The Monty Hall dilemma starts with an initial choice among three alternatives, one of which conceals a prize. But prior to being shown whether the chosen alternative has the prize, a subject is shown that one of the unchosen alternatives is not the one with the prize. The subject is then offered to stay with the initial choice or switch to the remaining alternative. Given that the unchosen alternative that was revealed is never the one with the prize, switching to the remaining alternative would increase the subject’s chances of winning. Why this is so is not intuitively obvious. It becomes clearer once it is realized that the original choice will be correct only one third of the time, and once an empty unchosen door is revealed by the experimenter (who purposely avoids opening the door with the prize), switching will increase the chances of winning to two thirds. Yet most subjects choose not to switch, and they stay even after considerable experience with this task (Granberg & Brown, 1995).

To determine whether suboptimal choice with this task is a general phenomenon, Herbranson and Schroeder (2010) created a nonverbal version of the task and gave it to both humans and pigeons. Humans were given 200 trials with feedback to observe whether extended experience with the task would increase the use of an optimal switching strategy. The results were very similar to those of Granberg and Brown (1995), in which humans eventually learned to switch, but they only did so only about two thirds of the time. That is, they tended to match the probabilities of being correct for staying and switching, whereas the optimal strategy would have been to switch all of the time. This tendency to match the probabilities associated with staying and switching is typical of humans when outcomes are probabilistic (Fantino & Esfandiari, 2002). That is, humans have a tendency to search for a strategy that will work all of the time.

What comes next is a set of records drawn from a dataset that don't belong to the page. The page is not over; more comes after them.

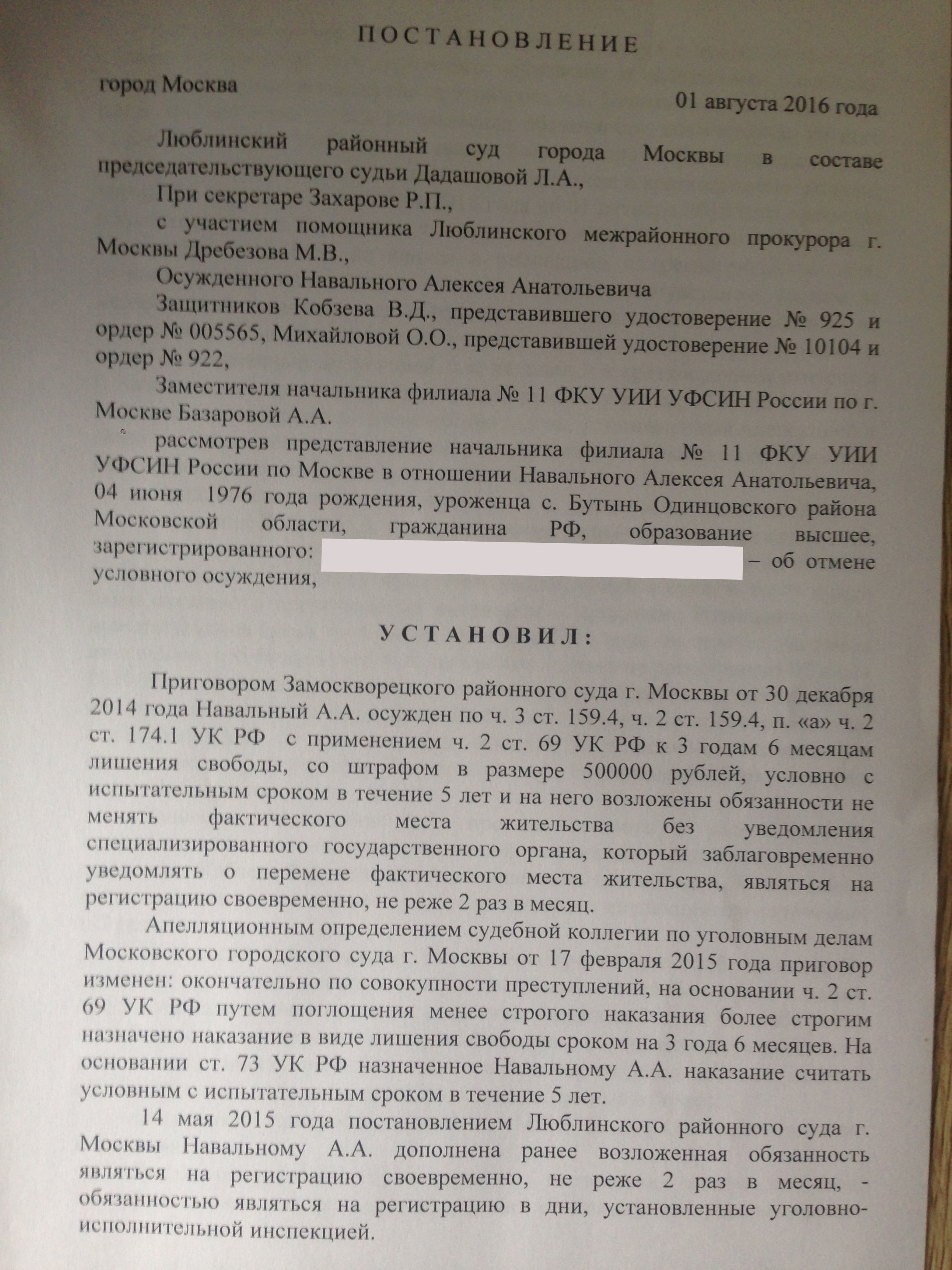 Поддержал ходатайство об изменении Алексею Навальному условного срока, полученного им по «делу „Ив Роше“», на реальное лишение свободы в колонии из-за того, что Навальный несколько раз не являлся в инспекцию в установленный день якобы без уважительной причины
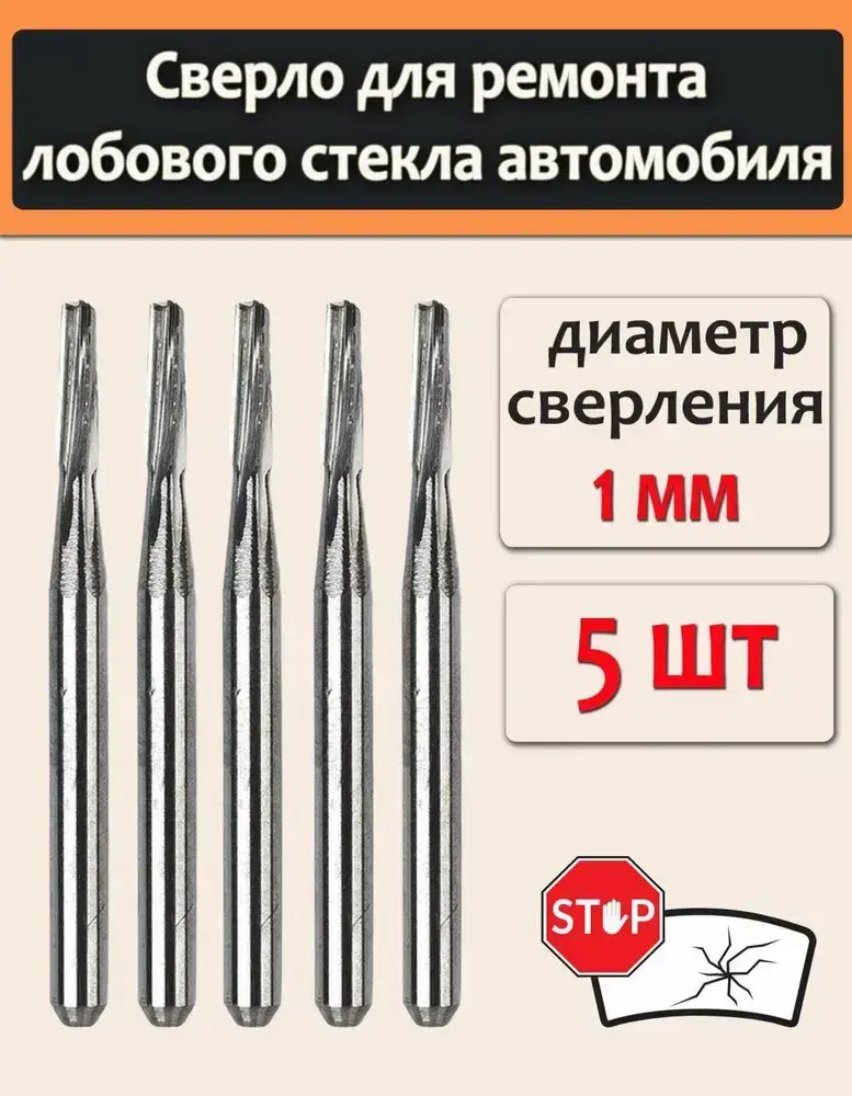5шт Сверло для ремонта лобового стекла автомобиля, ремонт трещин стекла, фреза, мини сверло 1 мм
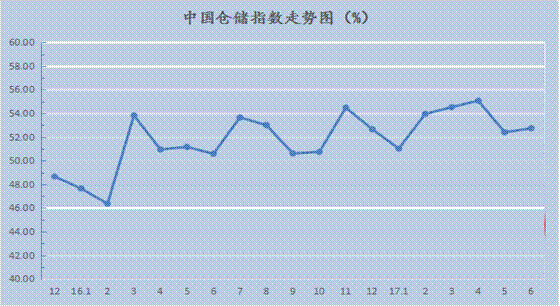 中國物流與采購聯合會與中儲發展股份有限公司聯合調查的2017年6月中國倉儲指數為52.7%,較上月回升0.3個百分點,連續十六個月位于擴張區間。各分項指數中,業務量指數與上月持平,業務利潤指數、期末庫存指數、企業員工指數較上月有所回升,其余指數均有不同程度的回落。
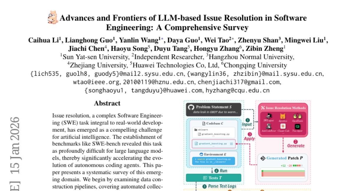 这项由中山大学联合华为技术有限公司、重庆大学、浙江大学等九所知名高校和企业共同完成的研究发表于2025年1月,论文编号arXiv:2601.11655v1。研究团队深入调研了175篇相关论文和在线资源,首次系统性地梳理了基于大语言模型的软件问题解决领域的发展现状。
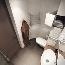 В повечето случаи апартаментите с площ от 50 квадратни метра имат комбинирана баня. Той не може да се похвали с големи размери, така че тук е най -добре да се ограничите до използването на малка мивка и тоалетна, но най -добре е да откажете баня. Душ кабина ще бъде идеална замяна, която не само спестява място в банята, но и може да се похвали с гъвкавост.
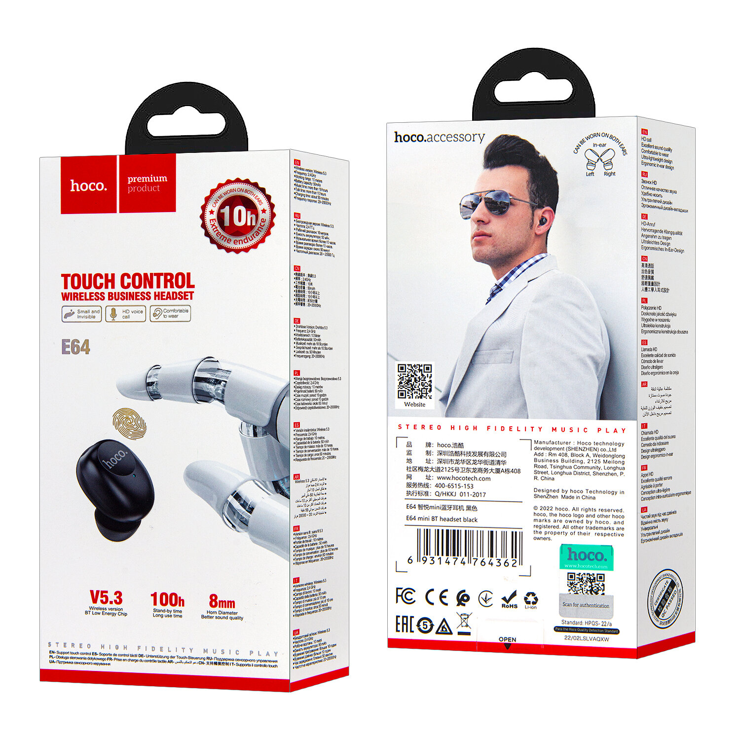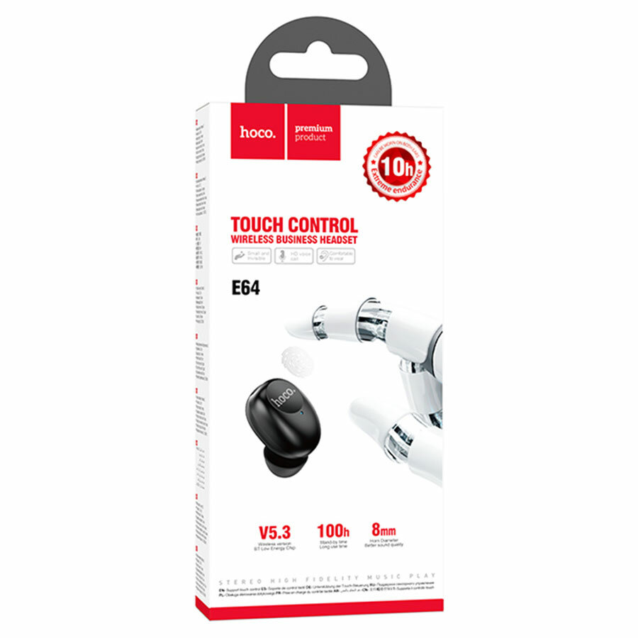 BT гарнитура Hoco, E64 (универсальная для всех телефонов), черный
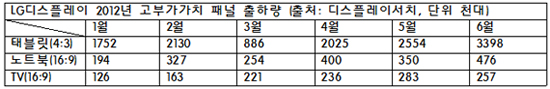 특히 태블릿 PC와, 노트북 PC, TV 등 고부가가치 패널이 호조를 보이면서 수익성이 크게 높아졌다는 평가다.
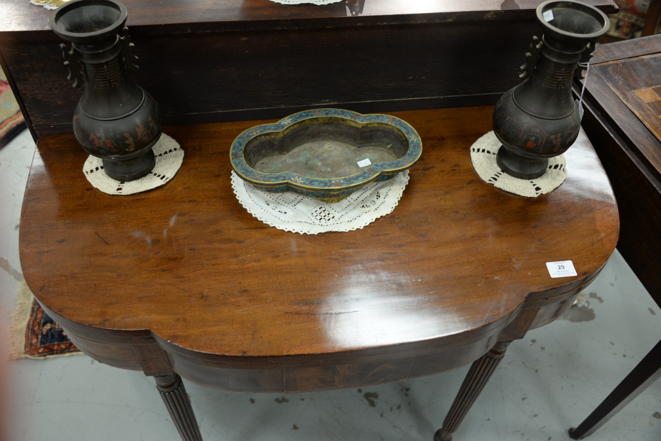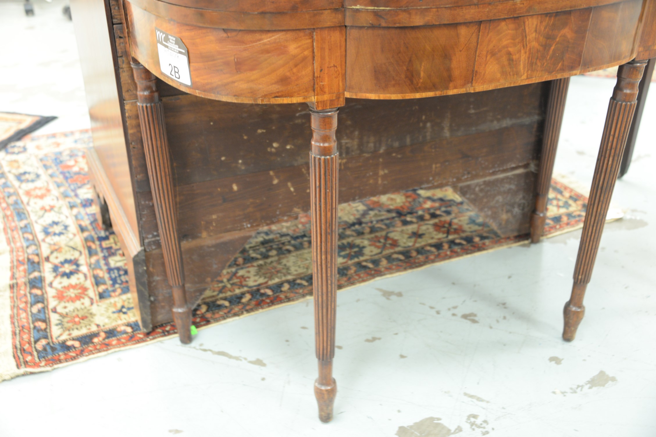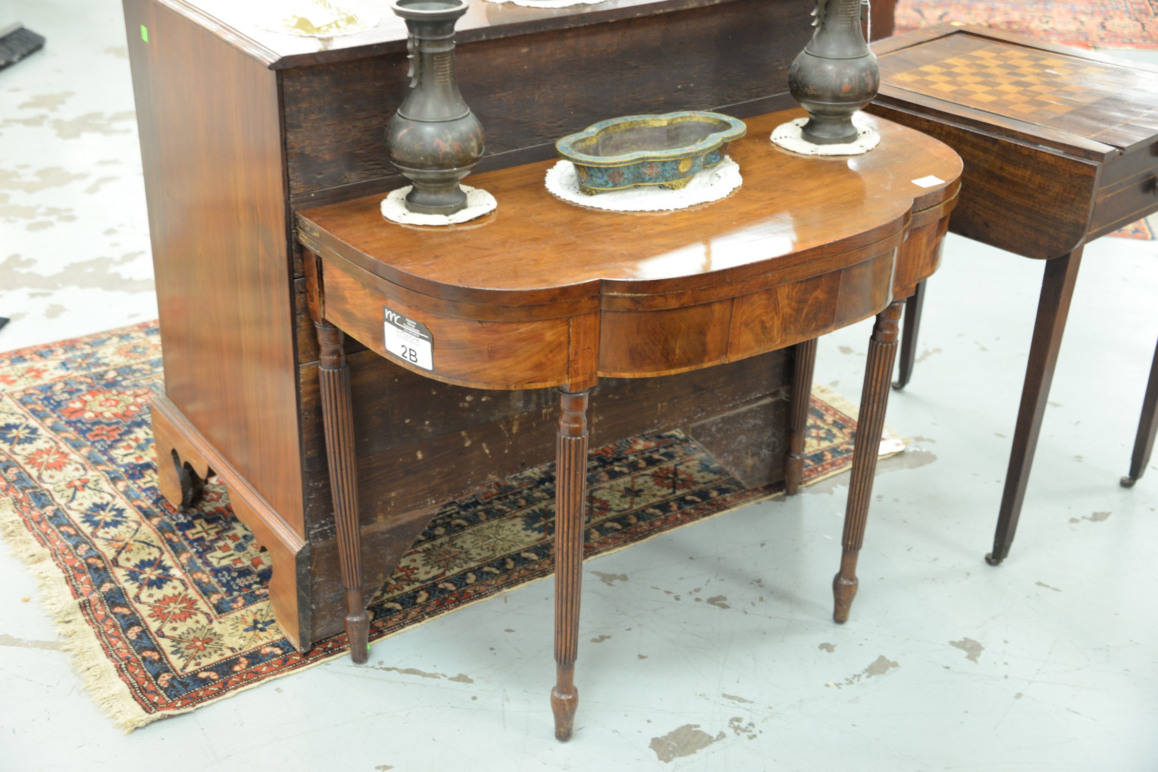 Lot 29: Sheraton mahogany game table having D form with conforming frieze set on turned and fluted legs, circa 1830. ht. 28 in. wd. 36 i…
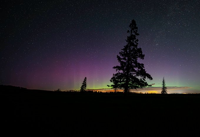 Twitterに投稿された写真「カナダ アルバータ州のカルガリー郊外でオーロラ」
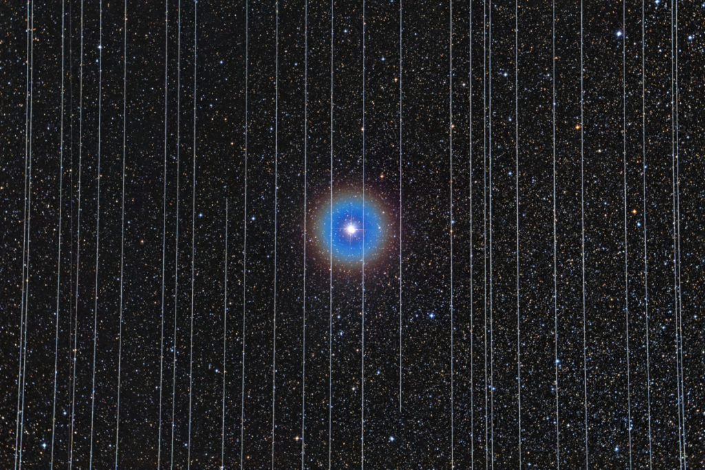 Satellieten zijn meestal uitgerust met zonnepanelen om de instrumenten aan boord van elektriciteit te kunnen voorzien. Vooral tijdens de de eerste uren voor zonsopgang en de eerste uren na zonsondergang kaatsen die licht terug naar de aarde. Dat licht is soms even helder als Saturnus of Jupiter, twee van de helderste objecten aan het nachtelijke firmament. Daardoor verstoort het de opnamen met een lange belichtingstijd die gemaakt worden door telescopen. Starlink-satellieten bijvoorbeeld, die als een soort treintje op 550 kilometer hoogte rond de aarde schieten, (zie foto hieronder), trekken lange lichtsporen over de opnamen.
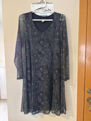 Vestido de manga larga con un estampado paisley multicolor sobre fondo azul oscuro. - Diseño con cuello en V. - Tejido ligero y vaporoso. - Largo hasta la rodilla.

Interestingly, Herbranson and Schroeder (2010) found that even though pigeons initially showed a stronger bias to stay with their initial choice than did humans, the pigeons did acquire the switching strategy, and after 30 sessions of training they used it almost exclusively. From these results, it appears that pigeons, but not humans, learn to effectively solve the task.

One reason for suboptimal choice on the part of humans is the mistaken belief that when there are two options and the correct response is unknown, the probability of reinforcement for staying or switching is the same (50%). The tendency to perceive the probabilities associated with the two remaining doors in the Monty Hall dilemma as being equal has been attributed to an equiprobability bias (Lecoutre, 1992). But it does not explain the overwhelming initial tendency that humans have to stay.

In the Monty Hall dilemma, humans may be more likely to stick with their initially chosen door because of the illusion of control (Langer, 1975). That is, people often believe that they have some influence over random events. They picked the door that they picked for a reason, so why should they switch? Another reason for staying with their initial choice is that they would have greater regret if they were to switch away from their initial choice and lose than if they were to stay and lose (Gilovich, Medvec, & Chen, 1995). Related to this fear of regret by humans is the feeling of ownership of their original choice. This ownership effect, commonly referred to as the endowment effect, can be seen when people request more money to give up an object that they have been told that they own than they would pay for it if it were not theirs (Kahneman, Knetsch, & Thaler, 1986; Thaler, 1980).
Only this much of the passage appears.